The structural definition of type I‑α_RS α-turns implies an ambiguity in the classification of secondary structure elements: the typical dihedral angles of these α-turns are similar to those of the basic repetitive unit of the right-handed α-helix. Similarly, α-turns of opposite handedness can be observed (type I‑α_LS), with dihedral angles that correspond to the basic repetitive unit of left-handed α-helices (Pavone et al. 1996).

α-Turns are relatively common; on average, two α-turns can be found per protein.

From all types of turns, β-turns have received the most attention in the literature. Multiple types of β-turns have been described, including corresponding mirror images (denoted with an apostrophe, ').

While looking through the types of β-turns, you might wonder why numbering suggests that some types are missing. This is because some types have been defined in the past, but later excluded due to various reasons:

• Type III (and III') has been excluded because it is basically a distortion of type I (I') and corresponds to the basic repetititve unit of 3₁₀-helices.
• Type V (and V') is rare and its definition is inaccurate.
• Type VII, which is associated with a kink, is also rare and poorly defined.

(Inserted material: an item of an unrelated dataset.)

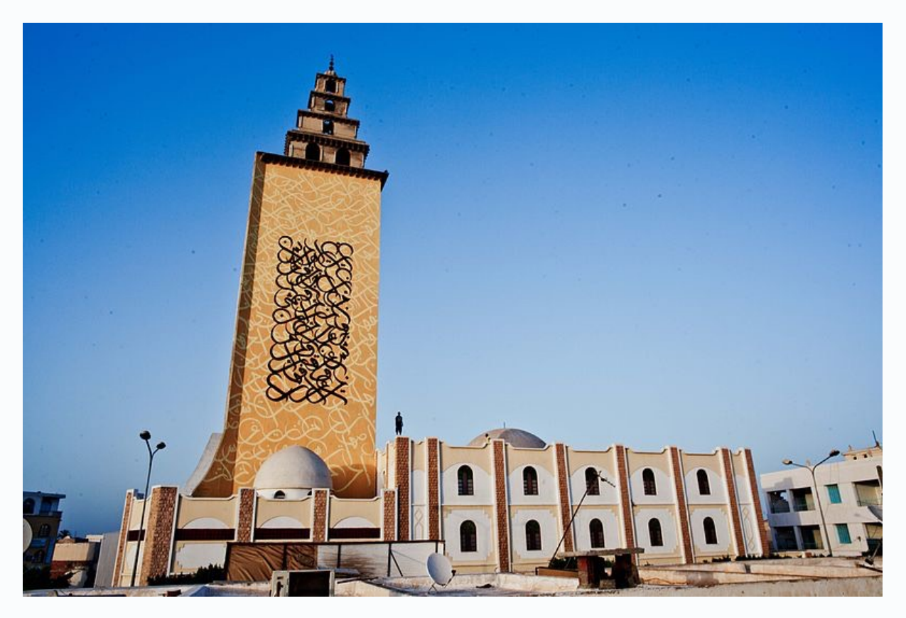
Figure 4: Jara Mosque, El Seed. CC BY 2.0

γ-Turns are a tripeptide conformation of which only two types exist, the classic γ-turn and the inverse γ-turn (Milner-White et al. 1988).

Both types of γ-turns are characterised by a seven-membered pseudo-cycle which is formed by the donor and acceptor atoms of an intramolecular hydrogen bond and the main chain atoms between them.

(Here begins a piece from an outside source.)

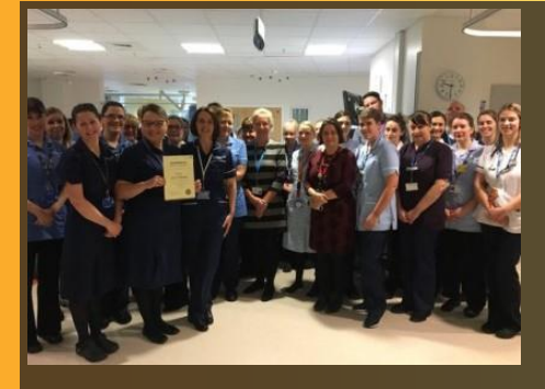
MFT Excellence Award

Paediatric Critical Care hold MFT **GOLD** accreditation status.

Note that only 6 member atoms of this pseudo-cycle are visible in the 3d model because the hydrogen of the amide group is not shown.

While ɛ-turns are formed by three residues just like γ-turns, they are structurally different as the direction of the stabilising hydrogen bond between the first and last residue is reversed, i.e., the donor amide group is upstream rather than downstream of the carbonyl acceptor group.

The hydrogen bond in ɛ-turns hence forms a pseudo-cycle with eleven member atoms rather than seven. However, a γ-turn may actually be included in an ɛ-turn (Toniolo et al. 2017).

ɛ-Turns have been classified in six different families and can be found in proteins in isolation or as part of hairpin motifs that consist of a pair of anti-parallel β-strands.

The shorter a turn gets the fewer options there are for main-chain reversal due to steric constraints.

However, even a δ-turn, a turn consisting of only two residues, is possible: for example, if the turn begins with a flexible residue such as a glycine (GLY) which is followed by a proline (PRO) in a semi-extended conformation, and the pair assumes the cis-conformation (i.e., the dihedral angle of the peptide bond between the two residues is close to zero, ω ≈ 0°), then sterical hindrance is not too large (Toniolo et al. 2015).

Just like ɛ-turns, δ-turns can be stabilised by a hydrogen bond that has a direction opposite to hydrogen bonds found in longer turns.

'Random coil' usually refers to any local polypeptide structure that lacks a well-defined or periodic pattern of hydrogen bonds and thus cannot be ascribed to any of the other classes of secondary structure. This typically includes loops that connect segments with defined secondary structure. However, the term is somewhat misleading because segments with random coil structure usually are neither coiled nor randomly structured.

It is true that random coil segments are often more flexible and their dihedral angles don't follow canonic definitions but rather populate a distribution of values that give rise to an ensemble of conformations (Smith et al. 1996). This holds usually true for terminal segments at the ends of the polypeptide chain and solvent-exposed loops at the protein surface.

However, even random coil structure can be subjected to a certain level of classification and loops are not always necessarily highly flexible. For example, the omega loop is a non-regular structure comprising six or more residues that lacks well-defined dihedral angles or a pattern of hydrogen bonding, but is often found to have limited flexibility. It can be identified by the fact that the first and last residue of the loop are in close vicinity to each other; they act as hinge points and gives rise to the loop's eponymous shape that resembles a Greek omega, Ω (Papaleo et al. 2016).